Книга Русская нация, или Рассказ об истории ее отсутствия, страница 64. Автор книги Сергей Михайлович Сергеев

Разделитель для чтения книг в онлайн библиотеке

Онлайн книга «Русская нация, или Рассказ об истории ее отсутствия»

Cтраница 64

Поразительно, но при этом Ильминский был однозначным противником перевода Библии и литургии на современный русский язык. Велась и активная издательская деятельность. Казанская учительская семинария, центральное учебное заведение в системе Ильминского, с 1875 по 1892 г. выпустила 150 книг на инородческих языках – татарском, чувашском, черемисском, вотяцком, киргизском (казахском), тунгусском, самоедском… Совокупный тираж этих книг составлял более полумиллиона экземпляров. Только татарский букварь Ильминского переиздавался 17 раз общим тиражом 48 тыс. копий. Эта система, несмотря на резкую критику со стороны оппонентов, просуществовала до конца императорской России.

Разумеется, Ильминский думал, что его деятельность будет способствовать русификации инородцев, абсолютно не понимая (как и его покровитель Победоносцев) специфики нациостроительства в эпоху модерна, полагая, что главный фактор национальной идентичности – религия. Но то, что хорошо работало в Московском царстве, во второй половине XIX в. было уже архаикой, которая, попадая в модерный контекст, давала совсем другие результаты. Ильминский и его последователи, по сути, провоцировали у просвещаемых ими народов «национальное пробуждение», создавая национальные письменные языки и кадры для будущих национальных интеллигенций.

«Возникновение целых групп кряшенских, чувашских, черемисских интеллектуалов было беспрецедентным явлением. До того как система Ильминского воспитала пару поколений учителей-инородцев, представители этих этнических групп могли получить образование только в русских начальных школах и с обязательным изучением русского языка. Для того чтобы избежать остракизма как со стороны своих собственных народов, так и со стороны русских, инородцам, получившим такое образование, приходилось отождествлять себя с русскими. В рамках же системы Ильминского, уже имея собственный письменный язык, а также играя особую социальную роль в своих родных сообществах (учителя и священнослужители), образованные инородцы начали склоняться (порой даже вынужденно) к поддержанию собственной, нерусской идентичности», – пишет американский историк Роберт Джераси.

Еврейский вопрос

Совершенно особый, неповторимый сюжет – еврейский. В большинстве своем ставшие российскими подданными после присоединения к России Западного края, а позднее Царства Польского, сыны Израиля, верно следуя ветхозаветному правилу, стремительно плодились и размножались, демонстрируя «в течение всего XIX века… более высокий естественный прирост населения, чем подавляющее большинство других этнорелигиозных групп Российской империи, в результате чего их доля в населении империи возросла с 1,5 % в 1800 году до 4,8 % в 1880 году» (А. И. Миллер). Таким образом, Россия стала страной, где проживало более половины мирового еврейства. Сосредоточием последней стали города Запада и Юга, где доля еврейского населения была очень высока, например, в Минске в 1897 г. – более 52 %, в Кишиневе к 1900 г. – около 45 %.

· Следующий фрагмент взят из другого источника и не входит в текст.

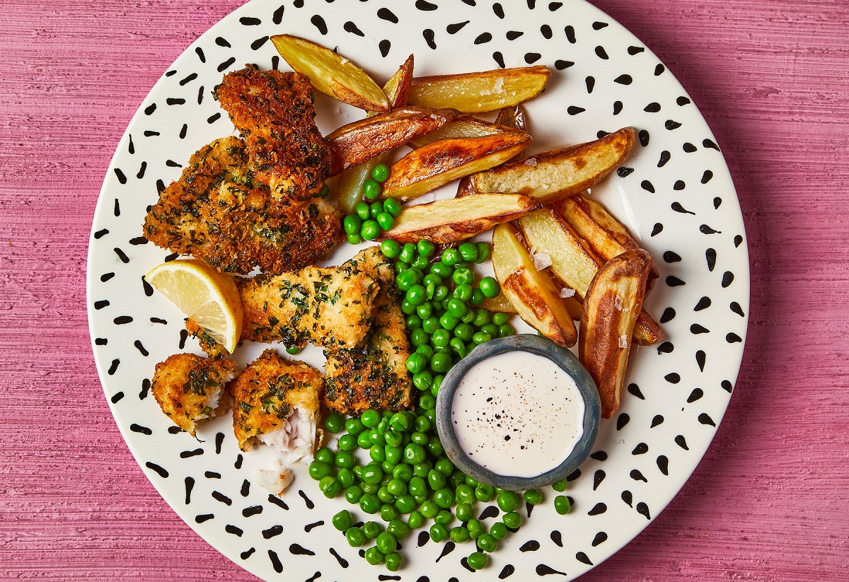 Мы немного адаптировали рецепт к домашним условиям и предлагаем приготовить рыбные палочки в панировке с запеченными картофельными дольками и соусом айоли. Фритюрница не понадобится.
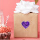 This custom sticker label features a romantic Valentine heart design. The background is a purple foil pattern with a purple glitter heart frame that borders the text. A "Happy Valentine's Day" greeting is printed in the centre in an elegant script font.
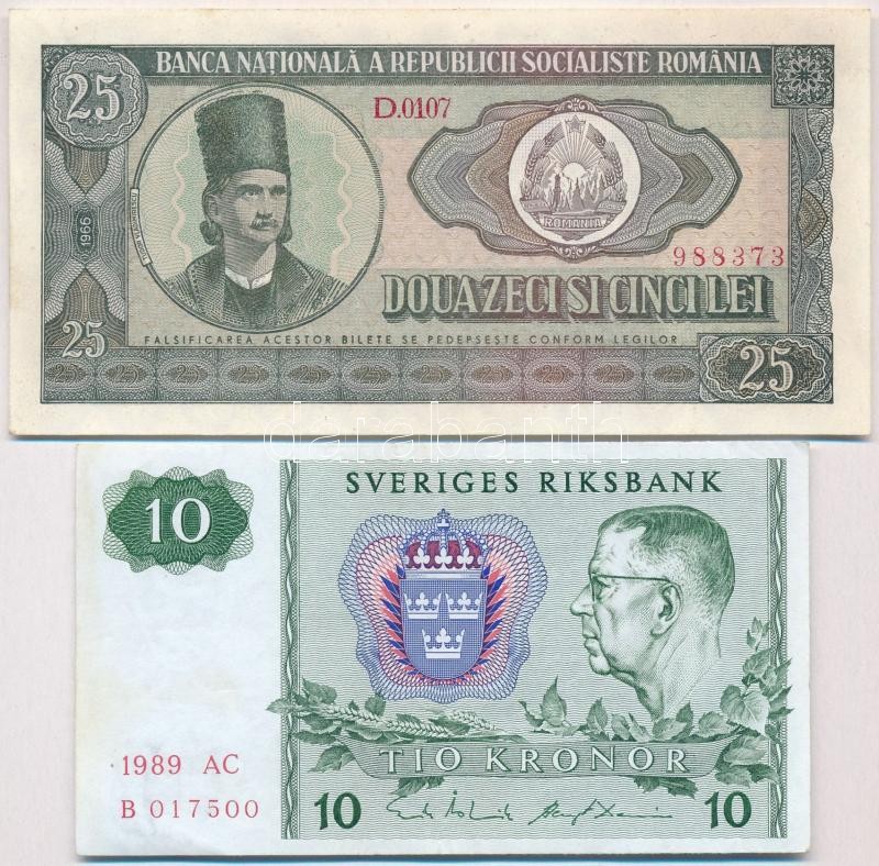 Mixed: Romania 1966. 25 Lei + Sweden 1989. 10 Kronor C:VF,F

Правительственная политика по отношению к евреям до 1880—1890-х гг. вовсе не была сплошь запретительной, напротив, практически весь предшествующий XIX в. власть с усердием, достойным лучшего применения, старалась «слить этот народ со всем населением России» (А. Д. Градовский) путем распространения среди него просвещения и «по лезных занятий» (чего стоит закончившаяся бесславным провалом многодесятилетняя эпопея привития этому почти сплошь городскому населению любви к земледельческому труду, ярко описанная А. И. Солженицыным в первом томе его книги «Двести лет вместе»!), а в период Великих реформ «подданные иудейского исповедания» получили немало существенных льгот. Черта оседлости (Юго-Запад империи), за пределами которой евреям запрещалось жить (исключая выкрестов, купцов первой гильдии и лиц с высшим образованием), вовсе не была непроницаемой, о чем красноречиво свидетельствует статистика роста еврейской общины Петербурга: 1855 г. – менее 500 человек, 1910-й – почти 35 тыс.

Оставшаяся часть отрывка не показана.